Writer/director Robert Eggers’ latest foray into historically authentic New England nightmares begins with our cast of two — Willem Dafoe as the peg-legged lighthouse keeper Thomas Wake, and Robert Pattinson as new assistant Ephraim Winslow — arriving at the titular lighthouse, which is isolated on a remote rock and beset from all sides by the raging sea. It’s as desolate a setting as any, and the film foregoes any notion of solace as the ship that brought them to their four week shift is slowly swallowed by an ocean fog. Kept in such close quarters, and isolated from all civilization (and women, crucially), nerves begin to fray at a rapid pace. Wake’s stern demeanor, salty sea tales, abundance of flatulence, and unslakable thirst for spirits annoys Winslow to no end, and Winslow’s adherence to rules, teetotaling, and taciturn nature earn him no favors with his new boss. The relationship between the two characters is the rock this film is anchored to, keeping the film on an even keel throughout an increasingly absurd storm of madness and secrets by allowing the audience to hold on to some tangibly conventional element. The often jarring abruptness with which the film introduces its more unhinged elements makes little concession to audience understanding, and are delivered with the same furious pacing as the ardently old fashioned nautical dialect Eggers’ characters speak. Besides moving in fits-and-starts, the intentionally repetitious structure of film–built around the routine of chores both characters do to maintain the lighthouse–may prove frustrating to some. But, like all frustrations this elusive film metes out, it is in accordance with its devious grand designs.

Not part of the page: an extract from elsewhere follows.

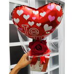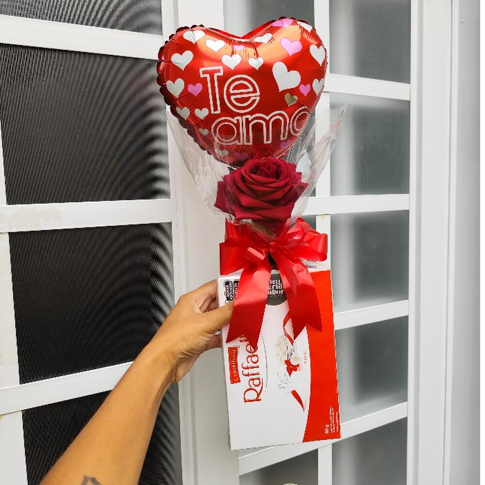 celofane transparente - 1 un. balão te amo - 1 un. laço personalizado - 1 un. bilhete impresso + envelope - 1 un. caixa com rafaello (90g) - 9 un. rosa artificial perfumada - 1 un.

The film settles into a rhythm of long stretches of Sisyphean labors that Winslow engages in to keep the lighthouse maintained during the day (never to Wake’s satisfaction, of course), a brief evening meal where our two characters interact, and then surreptitious nocturnal retreats as each character attends to their own secret routines (it is in the dark, of course, where the realm of the supernatural most permeates the story). The brief repasts are where the film comes to fiery life, offering the two actors the chance to spar with the deliciously salty vernacular Eggers, and his brother Max, have written for them. Dafoe in particular gets the lions’ share of the memorable lines (which the marketing team cannily worked into all the promotional materials, along with a particularly talented seagull) and he chews through them with gusto. The film is far from audience friendly with its suffocating mood, increasingly deranged scenes, and maddening ambiguities, but Wake and Winslow’s frequently combative, occasionally (surprisingly) tender, and always (even more surprisingly?) hilarious relationship, creates undeniable sparks of crowd-pleasing entertainment.

As entertaining as the duo is, because the film starts with the paranoia already cranked so high there’s not much of a satisfying arc in pushing them further off the brink. The film likely could have played things safer by starting on more stable ground so as to maximize the dramatic shift, but instead sacrifices drama for suffocating mood and exteriorized madness through setting (a similar trade Stanley Kubrick’s The Shining, 1980 made, which The Lighthouse is fittingly filled to the gills with homage to). Even if the descent into madness element of the plot can feel a bit rote, the specifics of how that madness is brought out through the narrative are packed with details to dig into. Greek myth, nautical folklore, Eldritch knowledge, psychosexual domination, and Freudian symbols make this two man descent into madness a richer text than one might surmise from the simple premise and scant character revelations. There are mysteries aplenty, but none come with the shock of revelation, and indeed the brief reveal of Winslow’s shrouded past (on the surface it appears to be one of the cards held closest to the film’s chest) hardly even registers. Wake himself even comments on the disappointment he feels in Winslow’s character development. It’s a small moment that at first registers as yet another humorous exchange, but is in fact one of many breadcrumbs that is layered into the film to uncover its deeper mysteries, none of which are handed to the audience in so easy a fashion as it reveals Winslow’s past. Any beans the film does spill are merely a Rosetta Stone to decipher everything from the abrupt supernatural occurrences, to the endless lighthouse labors.

The Lighthouse is a less satisfying work than Eggers’ previous film, The Witch (2015), on the level of pure cinematic drama. It operates less on character driven arcs and climactic build-ups, and more on heady poetic myth; it is laced with knotty symbolism, peopled by archetypes more than characters, and laboriously creaks along with fitfully clipped pacing. But attempting to scratch away at its barnacle encrusted secrets to spirit out some meaning for yourself is hardly a chore, as thunderous Melvillian monologues and fart humor are meted out with equal entertainment value and narrative contextualization, and the gorgeous cinematography and sound design (the score itself seems to bleed from the ominous fog horns and machinery of the lighthouse) makes for a sensorial and richly textured experience no matter how much you can glean from this exercise in myth making. The Lighthouse is a brave second feature for Eggers to continue to prove his immense talents in the craft of cinema, and bravery is sometimes worth more in the end than something you can tie up neatly with a bow. No, The Lighthouse will sit untied and untamed, left to be picked over by theorizers, critics, and gulls alike, a place as worthy as any.